## Exercise
From the listing below, output the lines between the one with "Seriously, this garden" and the one with "Cuando la salsa", including those two, and nothing else. Pictures are not copied.
-=-=-
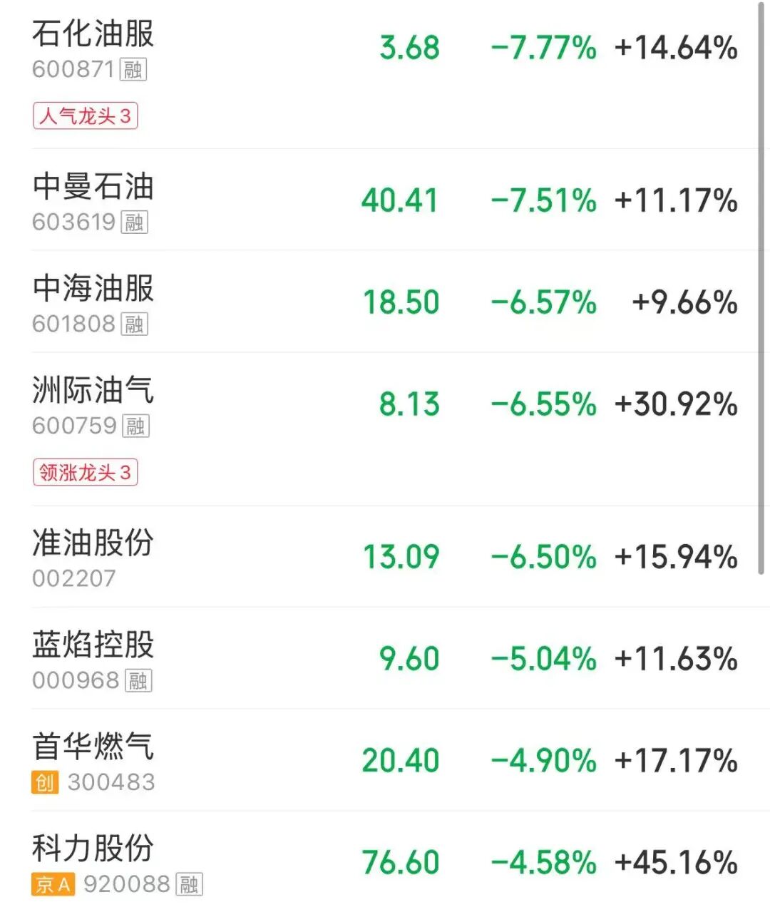 下跌方面,油气股表现疲软,石化油服、中曼石油大跌。
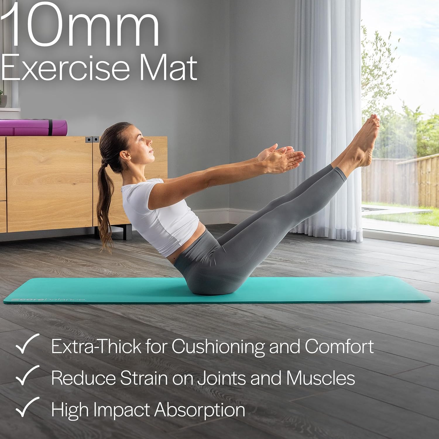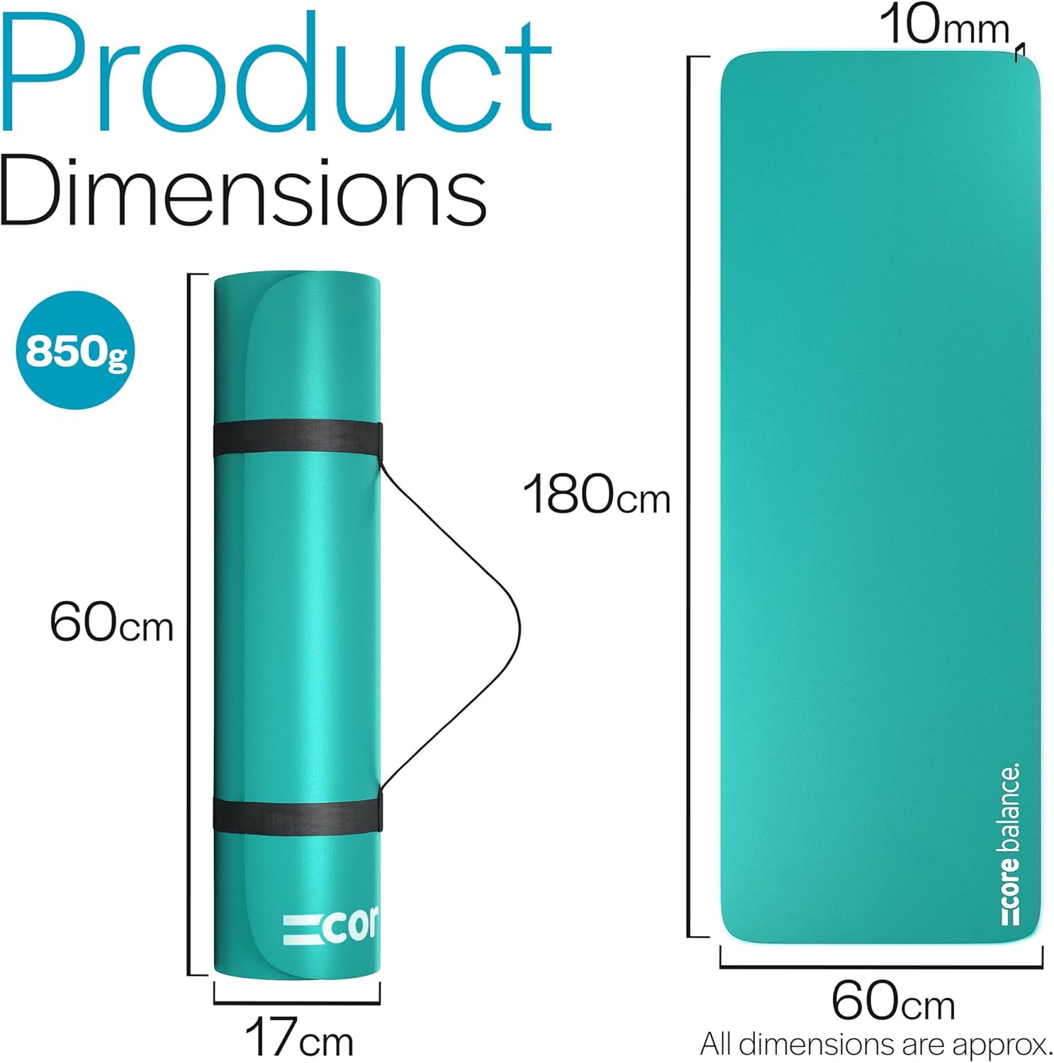 EXTRA-THICK FOR CUSHIONING & COMFORT: Experience ultimate comfort when you’re working out with the Core Balance Pilates & Exercise Mat. Designed with a depth of 10mm, it’s almost double the thickness of a standard mat to reduce the strain on your joints and muscles when you’re working out. Exercise mat measures L180cm x W60cm x D1cm.
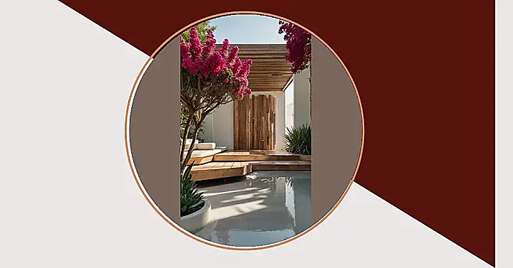 Seriously, this garden is next-level relaxing. The wooden steps are so smooth, you just wanna kick off your shoes and wander around. And that pool is so shiny, it’s like a giant mirror reflecting all the peace and quiet. This garden proves that you don’t need a million plants and a dancing gnome to have a killer backyard; sometimes, less is seriously more.
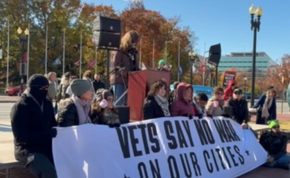 As the Department of Homeland Security wages a war at home against American citizens, immigrants legally seeking citizenship, and migrants seeking refuge, Veterans are asking the question on behalf of everyone. Washington, D.C.— “The Marine Corps ordered the weather today.” The master of ceremonies joked, bracing against a freezing wind […]
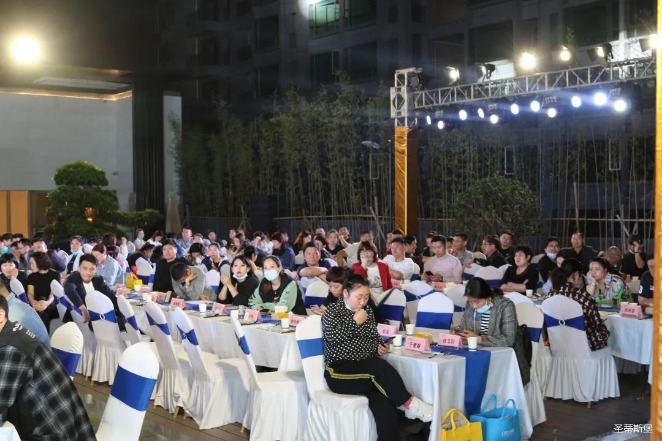 经销商晚宴当日晚6时许,以【乘“圣”跨越】为主题的,PA视讯集团第45届国际家具展接待晚宴暨2020年度优秀经销商颁奖盛典,在营销中心四楼景观花园隆重举行,来自全国各地的经销商朋友欢聚一堂,共同分享一场精彩纷呈的晚宴。
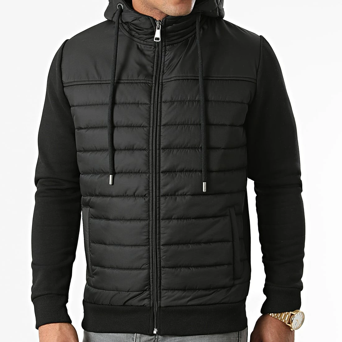 • Veste zippée bimatière avec capuche
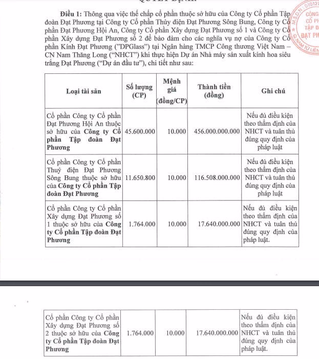 Tập đoàn Đạt Phương thế chấp cổ phần thuộc sở hữu của doanh nghiệp này tại các công ty con/ công ty liên kết, để bảo lãnh thực hiện nghĩa vụ tín dụng cho Công ty cổ phần Kính Đạt Phương.
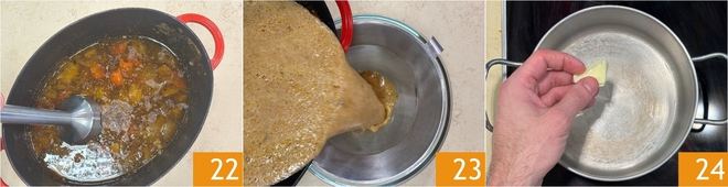Cuando la salsa se haya reducido, tritúrala con una batidora de mano 22 y pásala por un colador de malla fina 23. Mientras tanto, derrite la mantequilla en una cacerola aparte 24.
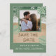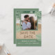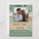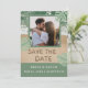 Vibraciones modernas de playa en verde salvia y azul turquesa con foto, letras de arena para guardar la fecha y foto personalizada. NOTA: El texto, la fuente, los colores y los elementos son totalmente personalizables utilizando la herramienta de diseño.
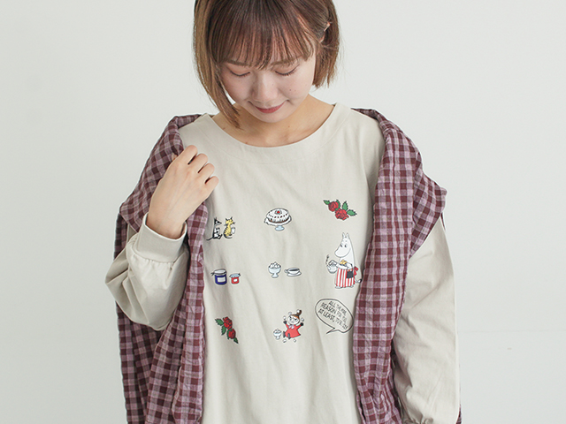 限定アイテム:ぽこぽこ刺繍Tシャツ(ムーミンデザイン)
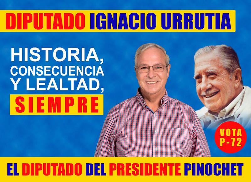 La foto de campaña dice frases como, “Diputado Ignacio Urrutia, el diputado del Presidente Pinochet”, “Historia, consecuencia y lealtad, siempre”. Frases que son usadas en la fotografía y donde el diputado del Maule Sur se ve franqueado por la imagen de un sonriente Augusto Pinochet.
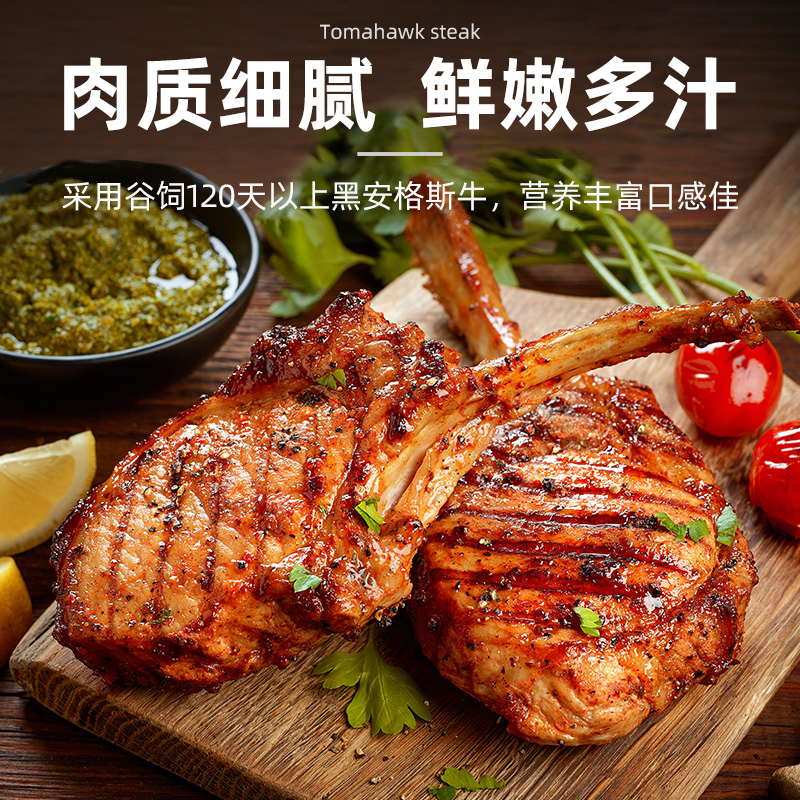 澳洲谷饲战斧牛排原切进口安格斯厚切新鲜雪花牛肉带骨眼肉牛扒
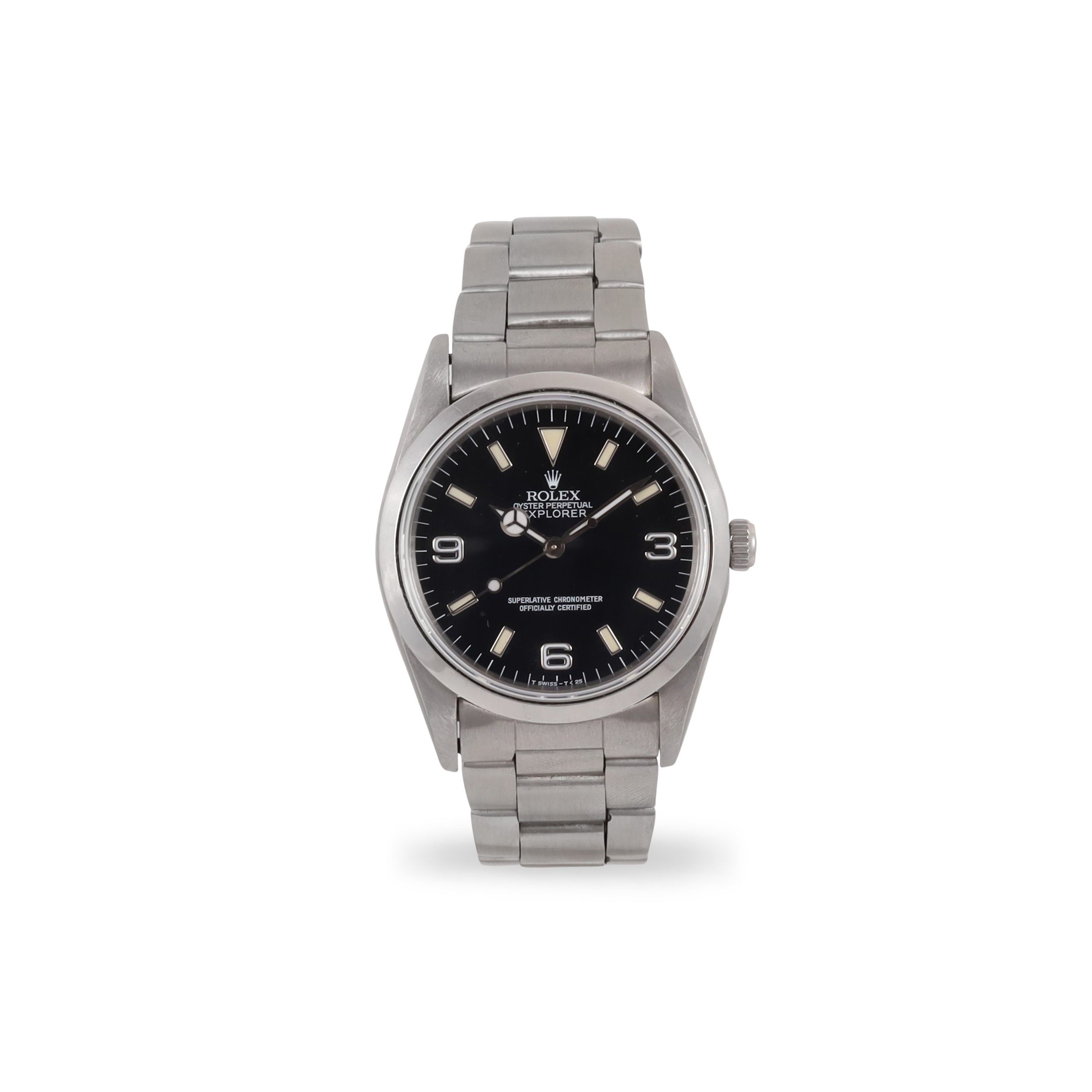 Ref: 14270, 'Explorer I' Cassa: in acciaio, No. X426657, fondello a vite. Vetro zaffiro Quadrante: nero, numeri Arabi e indici luminosi. Sfere luminose Mercedes Movimento: automatico, cal. 3000 Bracciale: originale Oyster con chiusura deployante Ref. 93150 Anno: 1991 DIAM: 36 mm Accessori: scatola Rolex
-=-=-
## Solution for this exercise
 Seriously, this garden is next-level relaxing. The wooden steps are so smooth, you just wanna kick off your shoes and wander around. And that pool is so shiny, it’s like a giant mirror reflecting all the peace and quiet. This garden proves that you don’t need a million plants and a dancing gnome to have a killer backyard; sometimes, less is seriously more.
 As the Department of Homeland Security wages a war at home against American citizens, immigrants legally seeking citizenship, and migrants seeking refuge, Veterans are asking the question on behalf of everyone. Washington, D.C.— “The Marine Corps ordered the weather today.” The master of ceremonies joked, bracing against a freezing wind […]
 经销商晚宴当日晚6时许,以【乘“圣”跨越】为主题的,PA视讯集团第45届国际家具展接待晚宴暨2020年度优秀经销商颁奖盛典,在营销中心四楼景观花园隆重举行,来自全国各地的经销商朋友欢聚一堂,共同分享一场精彩纷呈的晚宴。
 • Veste zippée bimatière avec capuche
 Tập đoàn Đạt Phương thế chấp cổ phần thuộc sở hữu của doanh nghiệp này tại các công ty con/ công ty liên kết, để bảo lãnh thực hiện nghĩa vụ tín dụng cho Công ty cổ phần Kính Đạt Phương.
Cuando la salsa se haya reducido, tritúrala con una batidora de mano 22 y pásala por un colador de malla fina 23. Mientras tanto, derrite la mantequilla en una cacerola aparte 24.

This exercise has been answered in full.